"""

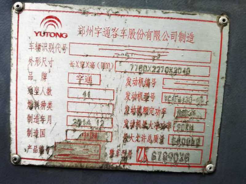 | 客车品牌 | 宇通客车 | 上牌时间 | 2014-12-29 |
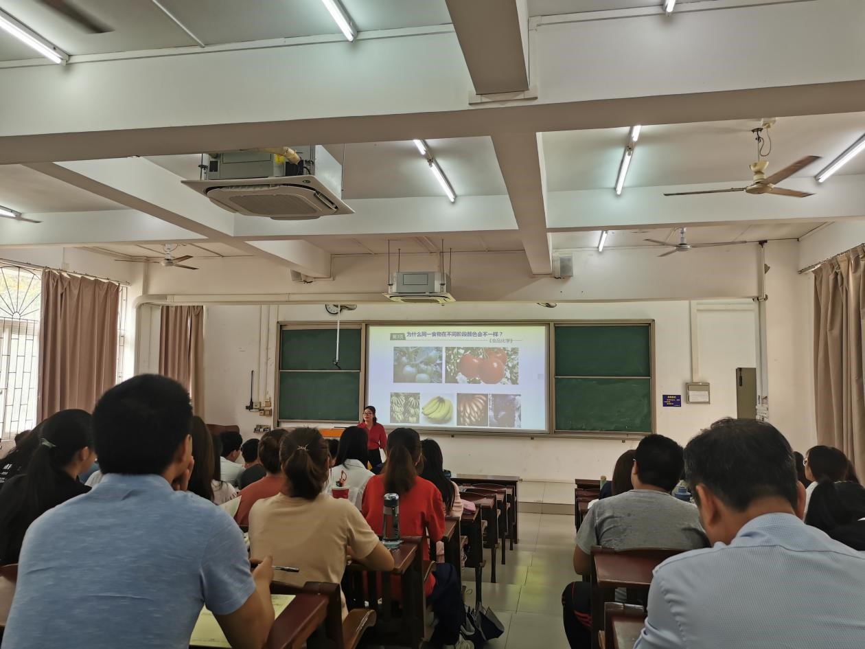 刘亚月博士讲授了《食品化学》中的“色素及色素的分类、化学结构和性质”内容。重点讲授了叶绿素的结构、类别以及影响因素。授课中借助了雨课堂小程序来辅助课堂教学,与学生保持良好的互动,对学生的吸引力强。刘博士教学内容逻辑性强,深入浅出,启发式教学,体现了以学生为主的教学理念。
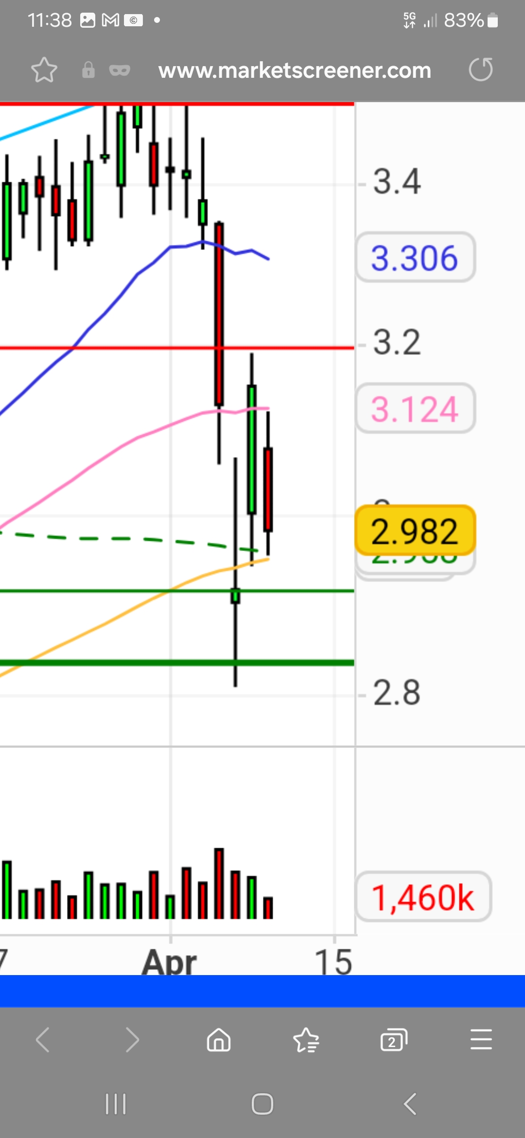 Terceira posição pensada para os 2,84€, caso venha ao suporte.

"""
"""

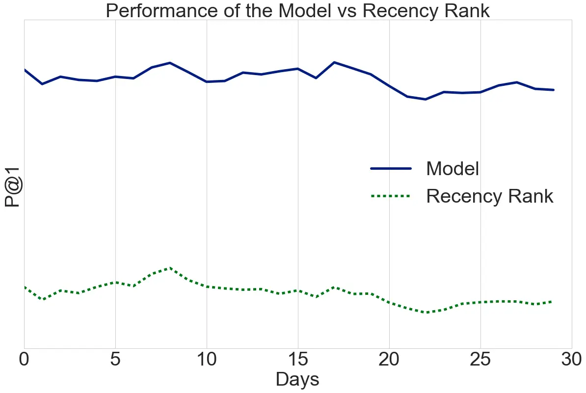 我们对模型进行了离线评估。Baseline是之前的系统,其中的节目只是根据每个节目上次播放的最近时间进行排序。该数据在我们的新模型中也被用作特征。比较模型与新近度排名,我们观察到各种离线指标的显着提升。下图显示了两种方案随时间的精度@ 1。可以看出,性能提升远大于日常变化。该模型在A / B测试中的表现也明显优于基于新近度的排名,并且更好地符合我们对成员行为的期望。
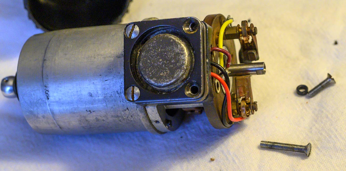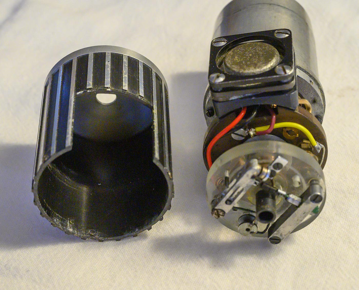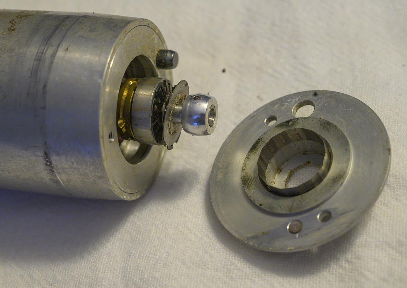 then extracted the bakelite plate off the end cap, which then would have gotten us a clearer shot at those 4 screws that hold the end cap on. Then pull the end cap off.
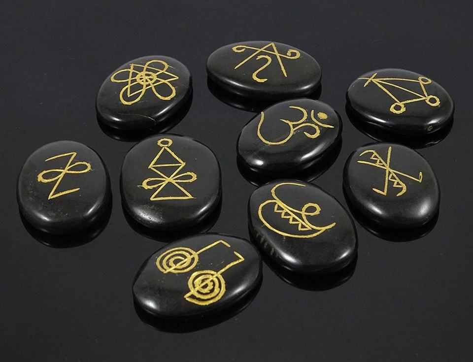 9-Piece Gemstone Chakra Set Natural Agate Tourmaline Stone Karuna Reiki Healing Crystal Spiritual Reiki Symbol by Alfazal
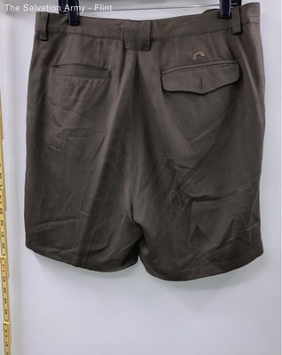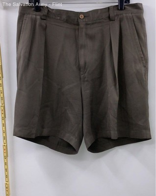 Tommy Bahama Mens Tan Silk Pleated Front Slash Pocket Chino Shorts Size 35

"""

DIRECTIONS:
Among the records above, locate the line containing "9-Piece Gemstone Chakra" and the line containing "Tommy Bahama Mens", then transcribe exactly the lines starting at the first and ending at the second, with no pictures.

ANSWER TO THE EXERCISE:
 9-Piece Gemstone Chakra Set Natural Agate Tourmaline Stone Karuna Reiki Healing Crystal Spiritual Reiki Symbol by Alfazal
 Tommy Bahama Mens Tan Silk Pleated Front Slash Pocket Chino Shorts Size 35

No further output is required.